**RECORD SET:**
○ ○ ○
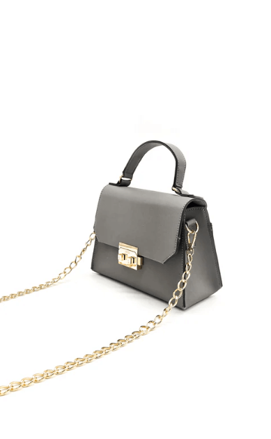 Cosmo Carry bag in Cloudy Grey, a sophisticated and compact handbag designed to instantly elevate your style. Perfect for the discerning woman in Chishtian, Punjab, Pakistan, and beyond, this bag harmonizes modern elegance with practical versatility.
○ ○ ○
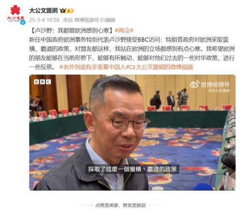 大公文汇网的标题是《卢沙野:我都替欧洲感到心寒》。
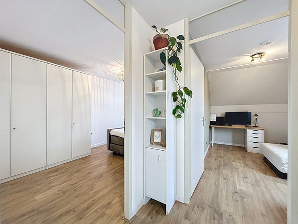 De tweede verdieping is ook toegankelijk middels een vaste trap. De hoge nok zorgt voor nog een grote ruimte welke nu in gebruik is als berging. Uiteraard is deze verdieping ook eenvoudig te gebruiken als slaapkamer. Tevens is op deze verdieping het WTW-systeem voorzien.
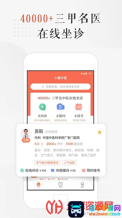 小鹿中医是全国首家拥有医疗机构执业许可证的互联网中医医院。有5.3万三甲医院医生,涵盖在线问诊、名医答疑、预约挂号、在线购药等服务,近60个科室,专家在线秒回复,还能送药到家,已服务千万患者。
○ ○ ○
**DIRECTIONS:** The answer is the lines of the material above, from the one containing "大公文汇网的标题是《卢沙野:我都替欧洲感到心寒》。" down to the one containing "小鹿中医是全国首家拥有医疗机", given exactly and without images.

**RESULT FOR THIS TASK:**
 大公文汇网的标题是《卢沙野:我都替欧洲感到心寒》。
 De tweede verdieping is ook toegankelijk middels een vaste trap. De hoge nok zorgt voor nog een grote ruimte welke nu in gebruik is als berging. Uiteraard is deze verdieping ook eenvoudig te gebruiken als slaapkamer. Tevens is op deze verdieping het WTW-systeem voorzien.
 小鹿中医是全国首家拥有医疗机构执业许可证的互联网中医医院。有5.3万三甲医院医生,涵盖在线问诊、名医答疑、预约挂号、在线购药等服务,近60个科室,专家在线秒回复,还能送药到家,已服务千万患者。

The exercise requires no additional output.